Many fleet managers continue to ponder a transition to electric vehicles (EVs) as companies seek to reduce costs along with their carbon footprint. However, many remain hesitant about EVs because of the noise and uncertainties surrounding them. Let's examine some of the most common EV misnomers.

#1: EVs are too expensive to adopt. Companies already have much to consider regarding fleet-related expenses, particularly the cost of acquiring new vehicles. It’s no wonder, then, that many fleet managers are uncertain about adding EVs to their fleets, especially since the U.S. federal tax benefit expired in 2025.

While there’s still a price disparity between EVs and internal combustion engine (ICE) vehicles, the gap is shrinking. In fact, it may not be as wide as most people believe. And when you consider the other costs you save with an EV versus an ICE vehicle, especially over its lifetime, the upfront costs become more bearable.

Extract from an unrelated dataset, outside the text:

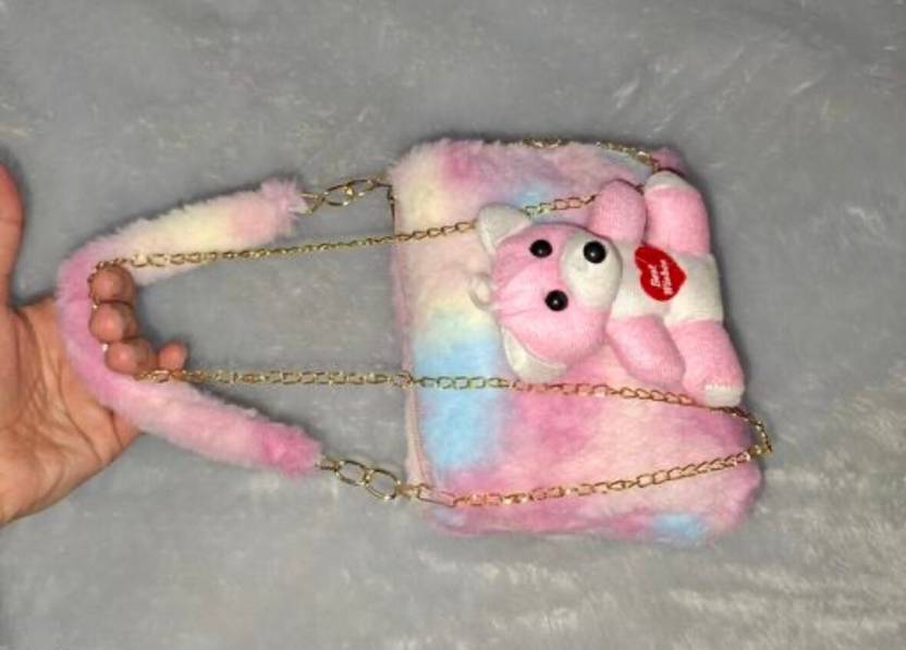 Elevate your little one’s accessory collection with this Adorable Furry Teddy Sling Bag for Girls, designed to blend charm with practicality. Featuring a soft, furry exterior in a vibrant tie-dye pattern, this bag instantly stands out with its adorable pink teddy bear holding a "Best Wishes" heart. The unique design is both playful and trendy, making it the perfect companion for young girls.

After adoption, EVs deliver meaningful savings by cutting out the cost of conventional fuel. Consider a fleet vehicle covering 2,000 miles per month at 25 miles per gallon, that's 80 gallons of fuel. If gas prices are at, say, $3 per gallon nationally, that adds up to roughly $240 per month per vehicle. By contrast, the U.S. Department of Energy reports that electricity costs for EV fleets run approximately $0.04–$0.05 per mile, bringing the monthly fuel cost for the same 2,000 miles down to around $80–$100. That's a potential savings of $140–$160 per vehicle every month, and those numbers improve further for fleets that charge overnight at off-peak residential rates.

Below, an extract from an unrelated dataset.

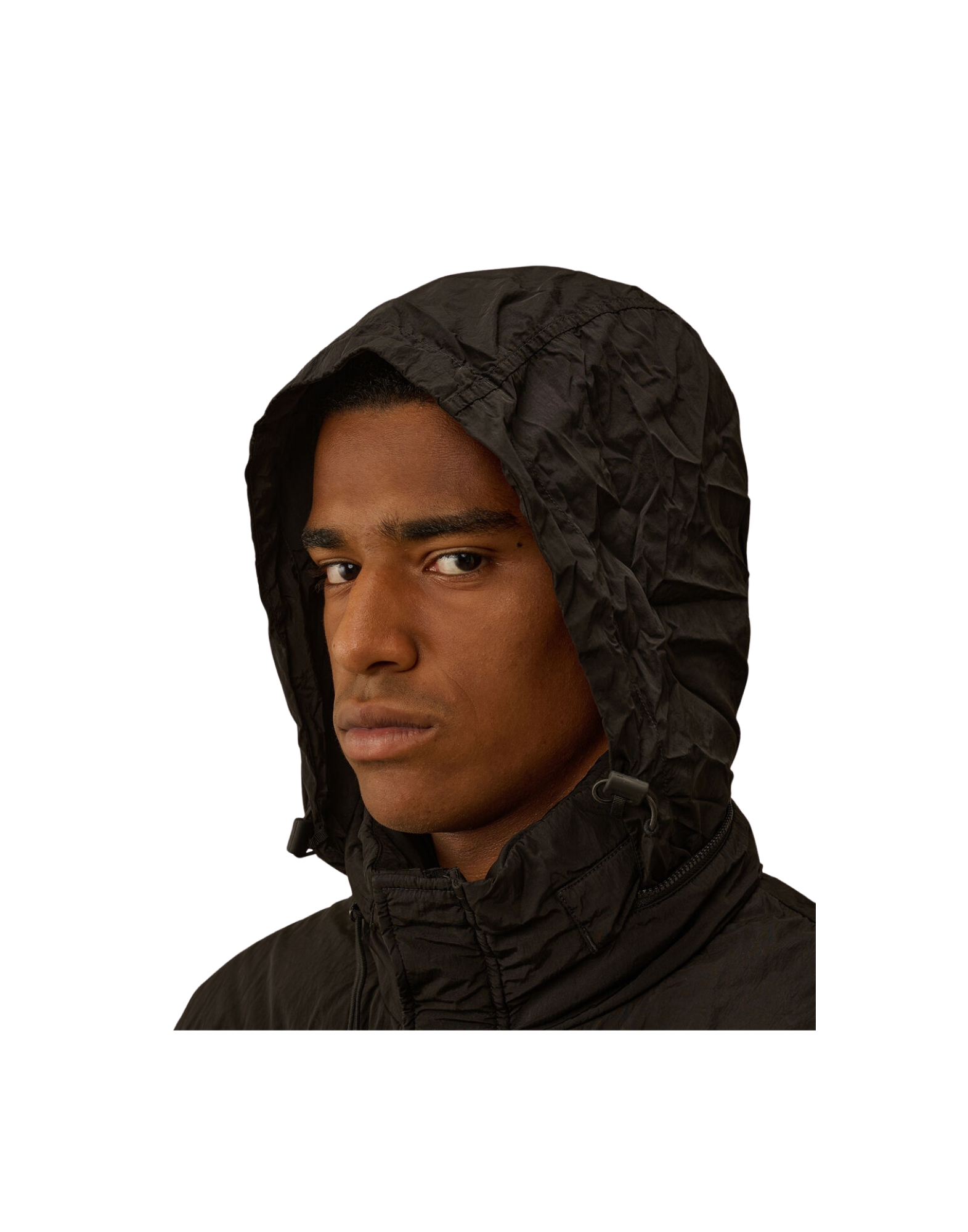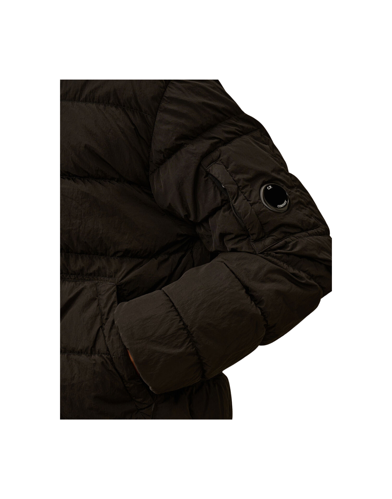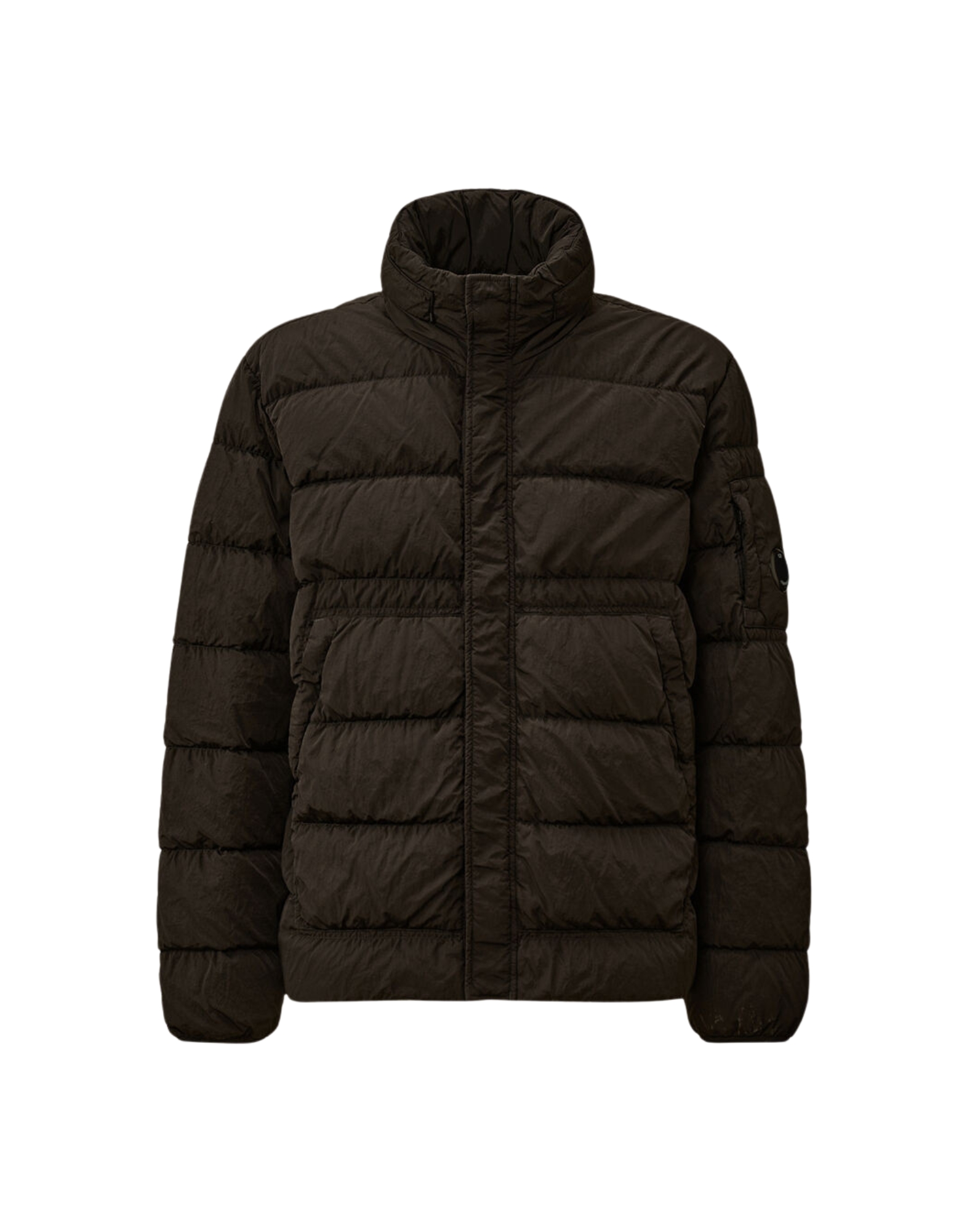 Piumino realizzato in Chrome-R, un nylon multifilamento lucido e riciclato al 100%, ottenuto da scarti di lavorazione trasformati in una nuova fibra certificata Global Recycled Standard (GRS). Il modello è dotato di cappuccio a scomparsa con zip, chiusura full zip a doppio cursore nascosta da patta con bottoni automatici e tasche laterali con zip. Rifinito con liconica Lente di C.P. Company, polsini elasticizzati e orlo regolabile con coulisse. Tinto in capo con trattamento anti-goccia. Regular fit.

It's also worth noting that gas prices can be volatile: they jumped sharply in early March 2026 amid Middle East tensions, while electricity prices tend to be far more stable and predictable, making it easier for fleet managers to forecast operating costs.

The cost gap widens even further when you factor in maintenance. A total cost of ownership analysis cited by the International Council on Clean Transportation found that 43 of 54 EV models studied had lower maintenance costs than their ICE counterparts — and all 54 had lower fueling costs. Consumer Reports data, highlighted in a September 2025 analysis by ecoPreserve, puts the gap in stark terms: estimated lifetime maintenance and repair costs average roughly $4,600 for a battery electric vehicle versus $9,200 for an ICE vehicle, a savings of approximately 50%. The reason is straightforward: where a standard ICE drivetrain relies on thousands of moving parts — including spark plugs, a multi-speed transmission, a complex fuel system, and a full exhaust system — an EV drivetrain has roughly 20. That means no oil changes, no timing belts, no exhaust system repairs, and significantly less brake wear thanks to regenerative braking. The primary recurring service costs for EVs are wearable items like tires, wiper blades, and cabin air filters. For a 20-vehicle fleet, those maintenance differences can easily translate to tens of thousands of dollars in savings over the vehicles' lifetimes.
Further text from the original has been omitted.